Primary Hyperparathyroidism With Negative Imaging: A Significant Clinical Problem
We read the article by Fraker et al1 with interest and would like to congratulate the authors for highlighting an untold story. In today's era, with availability of newer imaging modalities, more emphasis is being laid on performing minimally invasive/focused parathyroidectomy but in developing countries this is very often not possible, either because of lack of facilities or due to the high cost of these imaging modalities. Series on primary hyperparathyroidism are available from almost all centers, but the authors have done a commendable job by highlighting this issue. However, there are certain observations in the article that need further clarification and comment.
The authors have performed localization studies in patients of multiple endocrine neoplasia with a success rate of only 18%. As in these syndromic settings, hyperparathyroidism is usually due to multigland disease and sensitivity of both anatomical and functional imaging is low as reported in other series too.2 So, do the authors recommend doing localization studies in these situations?

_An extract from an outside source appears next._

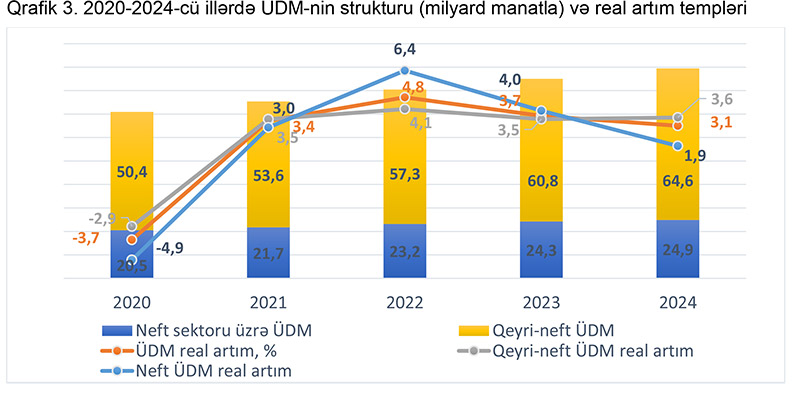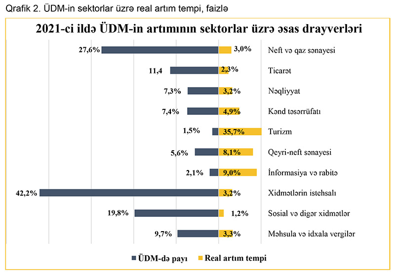 Proqnozlara əsasən 2021-ci il və ortamüddətli dövrdə iqtisadi artım templərinin nisbətən bərpa edilməsi ilə ölkədə ÜDM-in həcmi 2024-cü ildə 89,5 milyard manata qədər artacaqdır. Qeyd edək ki, qeyri-neft ÜDM növbəti ildə 3,5 faiz real artımla 53,6 milyard manat təşkil edəcəyi gözlənilir. 2021-ci ildə sahə strukturuna görə ümumi daxili məhsulun pay bölgüsündə ən böyük (33,2 faiz) çəkiyə malik sənayedə 25,0 milyard manatlıq, kənd təsərrüfatında 5,6 milyard manatlıq (xüsusi çəkisi 7,4 faiz), tikintidə 5,7 milyard manat, xidmətlərin istehsalında isə 31,8 milyard manat həcmində əlavə dəyər istehsal ediləcəyi gözlənilir. Məhsula və idxala xalis vergilər ÜDM-in strukturunda 9,7 faizə bərabər xüsusi çəkiyə malik olmaqla 7,3 milyard manat təşkil edəcəkdir. Sənayenin qeyri-neft sektorunda məhsul istehsalının 8,1 faiz artacağı proqnozlaşdırıldığı halda, neft sektorunda isə 3,0 faiz artım gözlənilir. Pandemiyadan zərər çəkmiş sahibkarlıq subyektlərinə dövlət dəstəyinin göstərilməsi, vergi güzəştləri və eləcə də güzəştli kreditlərə çıxış imkanlarının genişləndirilməsi, o cümlədən bu istiqamətdə planlaşdırılan tədbirlərin reallaşdırılması və real sektorda iqtisadi aktivliyin yenidən əvvəlki səviyyədə bərpa edilməsi nəticəsində ortamüddətli dövr üzrə ən yüksək real artım turizm və informasiya-rabitə sektorları üzrə gözlənilir.

In your localized and nonlocalized groups, either Sestamibi or ultrasound alone was performed in (23% and 21% of) the patients. For performing focused parathyroidectomy, 2 imaging results should be concordant.3 What is the authors’ opinion regarding localization with both anatomical and functional imaging?
The authors have performed minimally invasive parathyroidectomy (defined as directed unilateral exploration performed through a 2- to 3-cm incision) in 48 (5.7%) of their patients, even though imaging studies did not localize the lesion. How did they perform directed surgery without localization?
Even from the data, it is not clear if there is any difference in outcome among patients who underwent focused parathyroidectomy versus conventional bilateral neck exploration in terms of cure rates.
One comment we would like to make is that the patients’ safety and curative intent is more important than any other factor as highlighted by author. We agree that focused parathyroidectomy is also a standard of care for concordant lesions with similar outcome,4 but in resource-limited settings, bilateral neck exploration can be considered upfront if imaging modalities are not available.